From Book to Blog - Writing Up Research

What do you do with all the information you gather on your family history?  Magazines are full of articles on research advice, archive sources and new websites, but it is far more difficult finding guidelines on writing up your research.   The challenge, of course, is when to stop researching and start writing - it is always a case of "I'll wait until I have found out that vital missing bit of information". 

My inspiration came from a book I came across some time ago "William and Christina:  One Woman's Search For Her Ancestors" by Hilary Wallace Forrester.  I was immediately attracted by its format of linking local and family history and giving an emphasis to sources. The author traces the story of her great grandparents - their ancestors and descendants, the background to their lives and the places (Scottish and English Border country) and the times in which they lived.   My own story of "James and Maria - A Fylde Story of their Ancestors and Descendants" owes much to her style.

Progress is slow and I have only completed Part 1- The Rawliffe Story, based around my great grandmother Maria, wife of James Danson. There is something special about seeing my work in a printed and bound format, rather than loose-leaf in a file.
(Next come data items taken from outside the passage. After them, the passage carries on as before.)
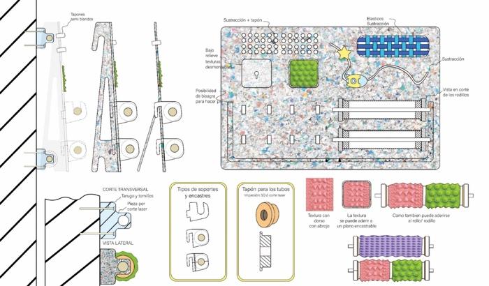 Los tableros (figura 6) se realizaron a partir de placas de plástico reciclado de la empresa Necrológica, de la ciudad de Necochea, mecanizadas con una máquina de CNC. Para la construcción de los rodillos se reutilizaron recortes de tubos de PVC, se realizaron piezas impresas por fabricación aditiva en PLA que vinculan los rodillos a las placas. Por último, para las texturas intercambiables, se utilizaron diferentes textiles y elementos que las componen. Luego de esto, se realizó el ensamble correspondiente entre piezas.
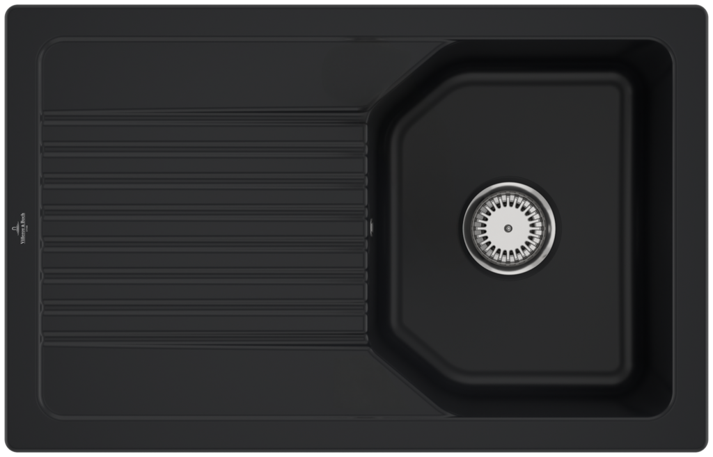 Keramický dřez pro horní montáž, bez excentru, barva Pure black, šířka 80 cmKeramický dřez Villeroy & Boch Linara je vyroben z materiálu CeramicPlus, který zajišťuje vyjímečnou tvrdost, odolnost proti poškrábání nebo jinému poškození a také odolnost proti vysokým teplotám. Povrch je odolný proti cizím látkám a nečistotám, takže se výborně čistí a potraviny na něm nezanechávají žádné stopy. Materiál CeramicPlus je vyroben ze 100% přírodních materiálů, je barevně stálý a nepřijímá chutě ani zápachy, takže ja absolutně nezávadný pro potraviny. Materiál: keramika s úpravou CeramicPlus Barva: Pure black, černá matná Dřez je určen pro horní montáž na pracovní desku Dřez je oboustranný - vanička může být napravo nebo nalevo Obsahuje odpadovou sadu bez excentru (ruční ovládání výpusti) a sítko na nečistoty Sifon není součástí dodávky (možno doobjednat pod označením 94060000) Rozměry dřezu (ŠxHxV): 800 x 510 x 200 mm Rozměry výřezu (ŠxH): 770 x 480 mm Minimální šířka skříňky: 450 mm Hmotnost: 21 kg Při objednávce uvádějte číslo otvoru pro baterii - viz nákres Tento typ dřezu se vyrábí v barvách White alpin, Stone White, Cream, Ivory, Almond, Steam, Fossil, Stone, Graphite, Pure Black, Snow White, Timber, Chromite. Tento dřez s odpadovou sadou s excentrem je na poptávku.
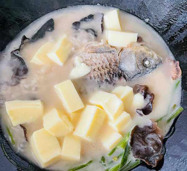 第七步:咕噜咕噜放入切好的鸡蛋豆腐中焖几分钟,待豆腐汤呈白色,将鲫鱼汤的鲜味在汤里煮开。
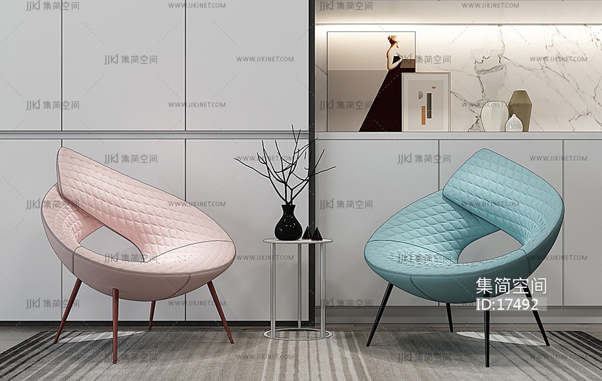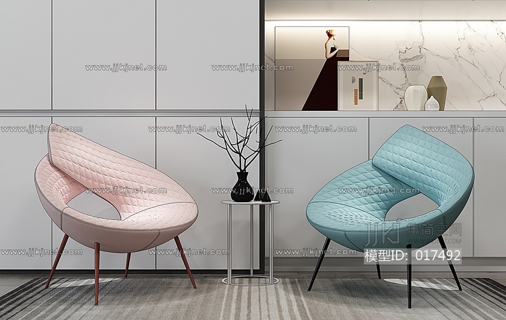 H15-0114现代椅子休闲椅边几组合 3d模型下载 [模型ID:17492]
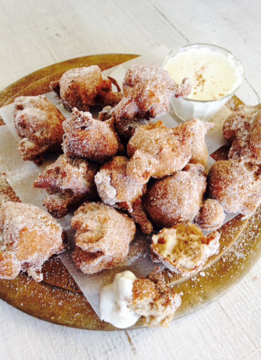 Carefully drop tablespoons of the batter into the pan and cook for about 2 minutes until a good golden colour and puffed, turning to cook on all sides. Don’t overcrowd the pan as the oil temperature will drop rapidly and the doughnuts will be heavy.
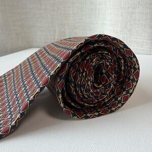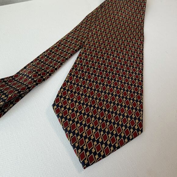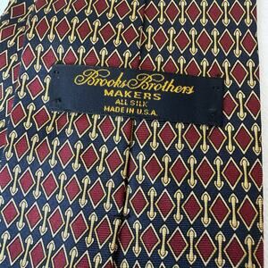Vintage Brooks Brothers Makers Tie All Silk USA Geometric Red Gold Navy 80s-90s

One feature I introduced  in each chapter was a timeline text box  to show what was happening in the  lifetime of my ancestors on the local, national and internationlal scene,  whether it was the opening of the railway, the invention of the sewing machine, the Irish Potato Famine,  or the Crimean War. People seem to like this and I have used it a lot when writing up family histories for friends. 

Now I have become a blogging enthusiast, my "magnum opus" has come to a halt and my deadline for a Christmas finish for "Part 2 - The Danson Story"  looks increasingly unlikely.  Compiling short articles for the blog and using my collection of family photographs has taken over and is giving me huge pleasure.  It is a great, quick and satisfying way of writing up research! 

Look out for my next two articles to commemorate Remembrance Day:
The Danson Family at War
William Danson - Postcards from Flanders.


  1. How great that you've written up part 1!! That's certainly farther ahead than many of us. I love the picture you show on the front cover. Good luck on getting part 2 finished :-)

  2. Welcome to Geneabloggers! Good to have another UK genealogist on board. I am also writing my own family history book - but I often seem to be a "one day novelist" as in "I'll write it one day"!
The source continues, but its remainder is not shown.